I am learning about MapReduce and in order to experiment with MapReduce, i created this simple program which takes a text file as input and then generate a output that prints how frequently a word appeared in the text file. You can download the source code for the program from here
  1. First i started by creating a simple Mapper which receives the content of the text file one line at a time, the Mapper takes care of splitting the content into words and then it writes every word into output and sets frequency count for that word to 1, by calling context.write(word,one). In this case the word becomes key and count becomes value
  2. Next i had to develop a Reducer class which, receives word as key and value is list of all the counts for example if your input file is simple text like aaa bbb ccc aaa, then reduce class will get called with aaa - [1, 1], bbb -[1] and ccc - [1] as input. Hadoop framework takes care of collecting output of Mapper and then converting it into key -[value,value] format. In the reducer only thing that i had to do was to iterate through all the values and come up with a count.
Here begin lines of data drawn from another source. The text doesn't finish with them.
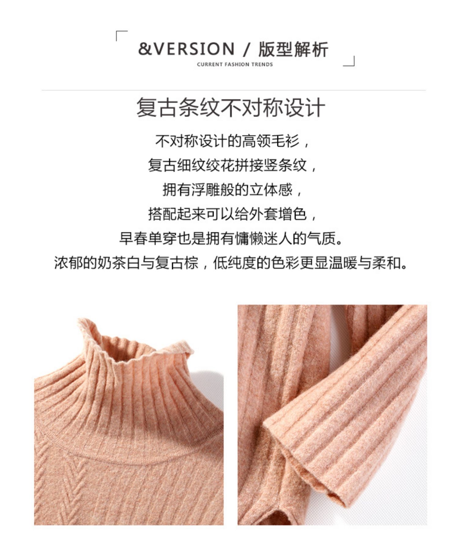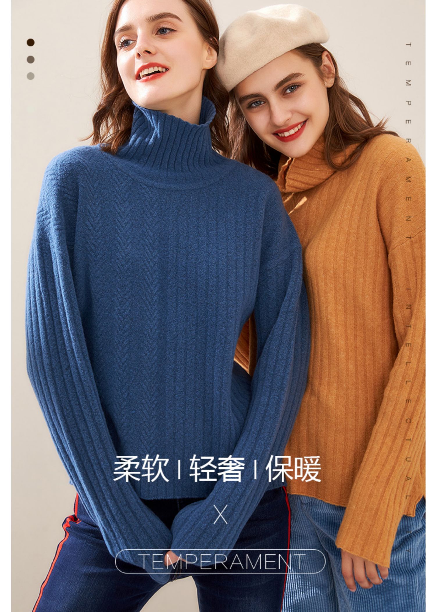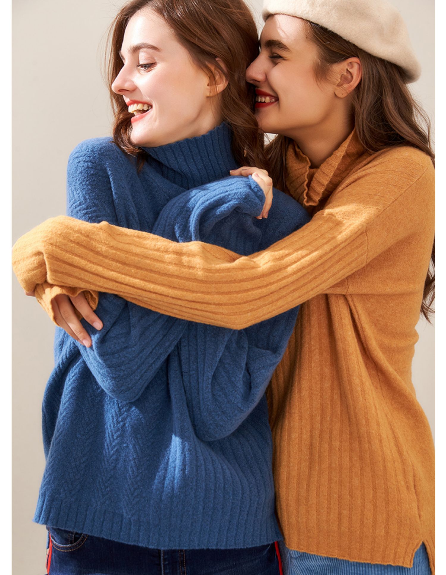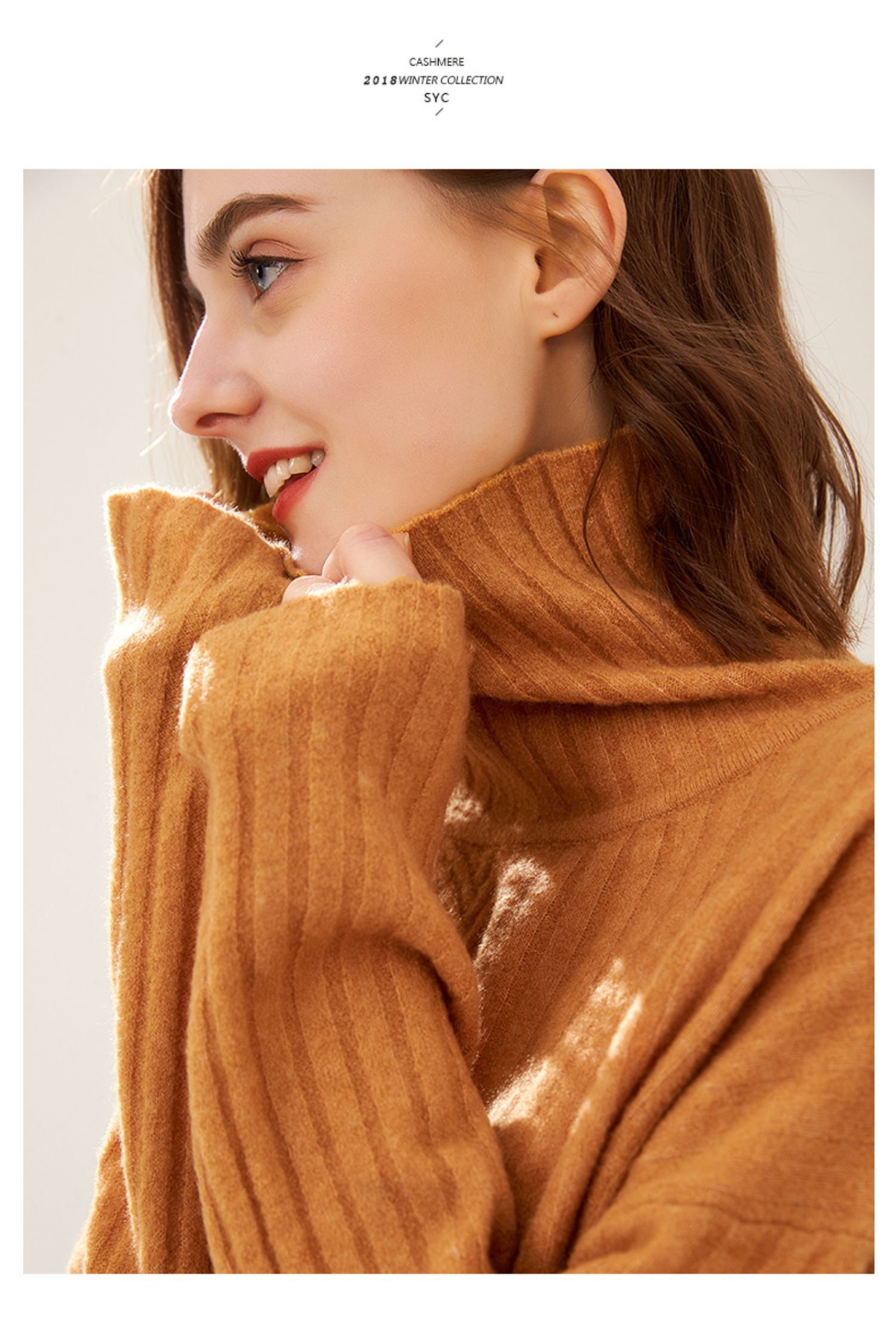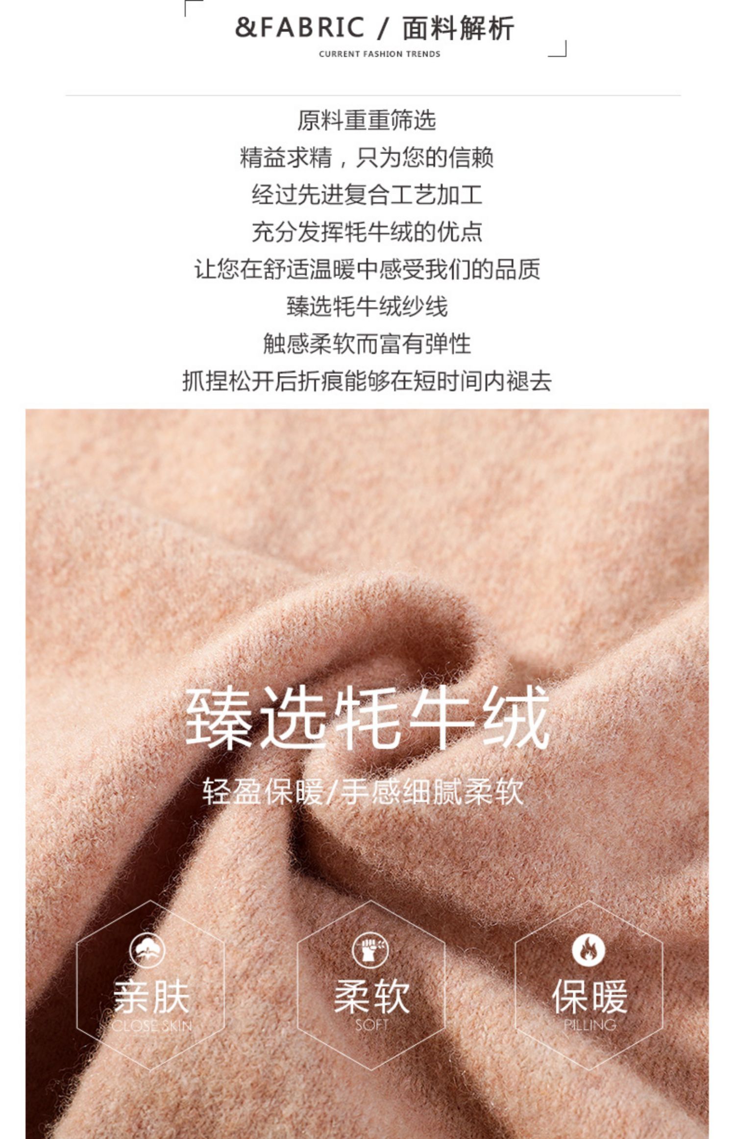 YX【现货7天】长袖羊绒毛衣女宽松外穿2022秋季新款慵懒风高领时尚洋气外套
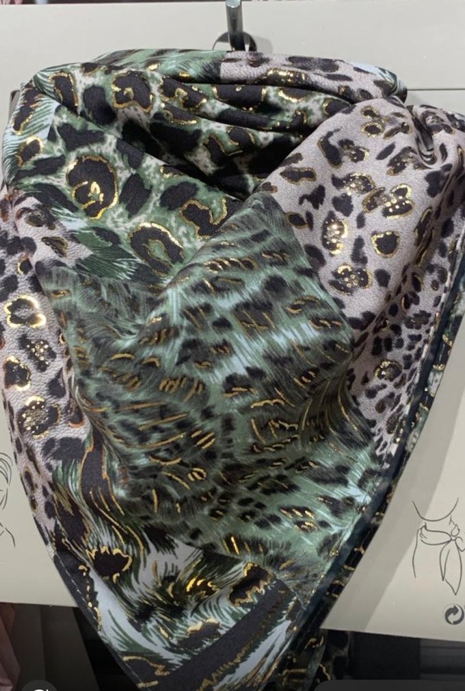 Kadınlar için, koyu tonlarda çok renkli hayvan desenli, altın detaylı, ipek kumaştan z.ra fularlar
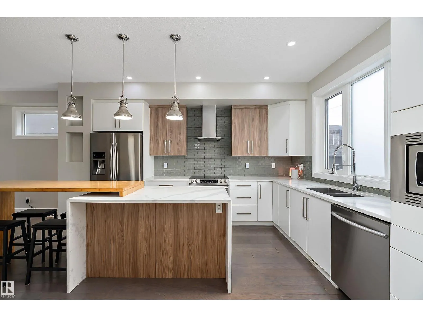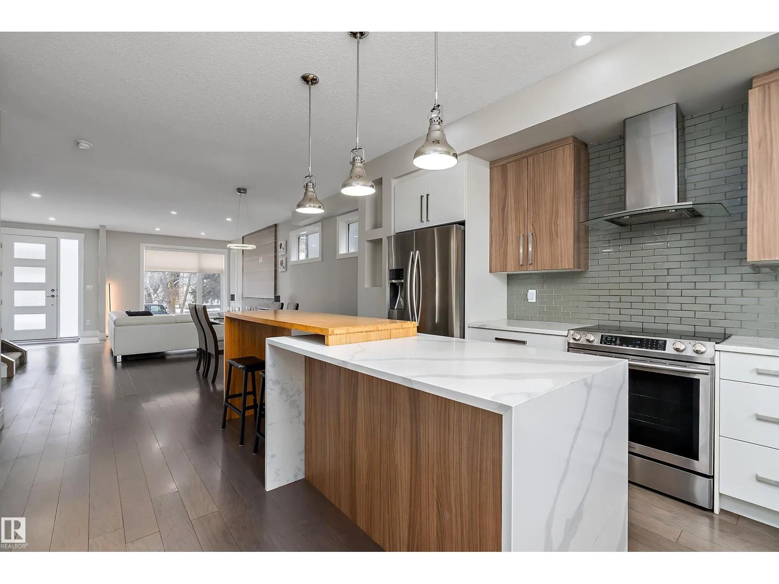 RARE OPPORTUNITY! Prime McKernan location just steps to the U of A & walking distance to LRTâideal for students, professionals & investors. This modern 1,627 sq.ft. 2-storey half-duplex offers a bright open-concept main floor featuring wide-plank flooring, large living room & sleek linear fireplace. The kitchen is designed for function & style with quartz countertops, waterfall island w/ raised eating bar, two-tone cabinetry & stainless steel appliances, flowing into the dining area. Rear mudroom + 2pc bath adds convenience. Upstairs features 3 bedrooms including a spacious primary with walk-in closet & ensuite, plus upper laundry. Fully finished basement with separate entrance offers added flexibility with a large family room, bedroom, full bath & storage. Fenced yard, deck & double detached garage. Walk to U of A, Whyte Ave, cafes, dining & transit. Great for young professionals who work or study at the U of A. This is a location you will not outgrow! Move-in ready with immediate possession available! (id:27476)

Once i have that i write it as output of Reducer by calling context.write(key, new IntWritable(sum));
  3. The last part is creating WordCountDriver.java, which is a Java program that sets up Hadoop Framework by setting up inputs, defining outputs and also specifying name of the Mapper and Reducer class. After initializing Hadoop it calls job.waitForCompletion(true), this method will take care of passing the control to Hadoop framework and wait for the job to complete
  4. Now you can either use one of the existing .txt file on your machine or you can create a text file like this
    
    hhh eee  iii bbb ccc fff ddd  ggg aaa aaa
    XXX YYY ZZZ
    hhh eee  iii bbb ccc fff ddd  ggg aaa aaa 
    XXX YYY ZZZ
    hhh eee  iii bbb ccc fff ddd  ggg aaa aaa 
    XXX YYY ZZZ
    hhh eee  iii bbb ccc fff ddd  ggg aaa aaa 
    hhh eee  iii bbb ccc fff ddd  ggg aaa aaa
    
  5. Last step is to run your Hadoop program, if you used the Eclipse or some other IDE for developing your code, you can run your program directly by running WordCountDriver.java directly. This program takes 2 parameters, in my case since the input file is on local file system and i want the output to get stored on local file system too, i pass following 2 parameters
    
    file:///Users/sunil/hadoop/sorttest.txt file:///Users/sunil/hadoop/output/wordcount
    
  6. Once the program is finished successfully, you would be able to see part-r-00000 file created on your local machine at /Users/sunil/hadoop/output/wordcount, if you open it you should see output like this
    
    XXX     3
    YYY     3
    ZZZ     3
    aaa     10
    bbb     5
    ccc     5
    ddd     5
    eee     5
    fff     5
    ggg     5
    hhh     5
    iii     5
    
If you want to run this program with bigger text file then you can download few good classical books from Algorithm site data section

40 comments:

  1. Really it was a good example .helped me a lot as a beginer .

    ReplyDelete
  2. There are lots of information about latest technology and how to get trained in them, like Best Hadoop Training in Chennai have spread around the web, but this is a unique one according to me. The strategy you have updated here will make me to get trained in future technologies(Best hadoop training institute in chennai). By the way you are running a great blog. Thanks for sharing this.

    Big Data Course in Chennai | Big Data Training Chennai

    ReplyDelete
  3. Thanks Sunil,

    Please explain where I need to execute Mapper and Reducer program??? Is there any type of utility where I will execute ???

    ReplyDelete
  4. Really great post.Thanks for sharing this blog.It helps me to get a good job.Keep sharing.
    Regards

    Hadoop Training chennai
    | Hadoop Training in chennai

    ReplyDelete
  5. Excellent article. Hadoop is a cloud based tool.It give more information about massive storage and it helps to improve our skills. Hadoop provides more job opportunities.To achieve a great career join with us.
    Regards,
    Arjun
    Hadoop Training Chennai|Big Data Training Chennai

    ReplyDelete
  6. Big data is the next big thing in the information technology space. According to a recent survey there is a huge demand for professional big data analysts who are capable of processing large data so that the enterprise objective are met. Join Fita and get trained from the professional big data analysts who are working for corporates. Join FITA and stay ahead in your career.
    Thanks,
    Hadoop Training in Chennai | Bigdata Training in Chennai

    ReplyDelete
  7. Thanks for giving Good Example. Fantastic article, Viral. Very well written, clear and concise. One of the best links explaining one to many and hierarchy in Hadoop.
    Big data Hadoop Training

    ReplyDelete
  8. Great!! This is such an informative content. It will help for Beginner. Keep it up.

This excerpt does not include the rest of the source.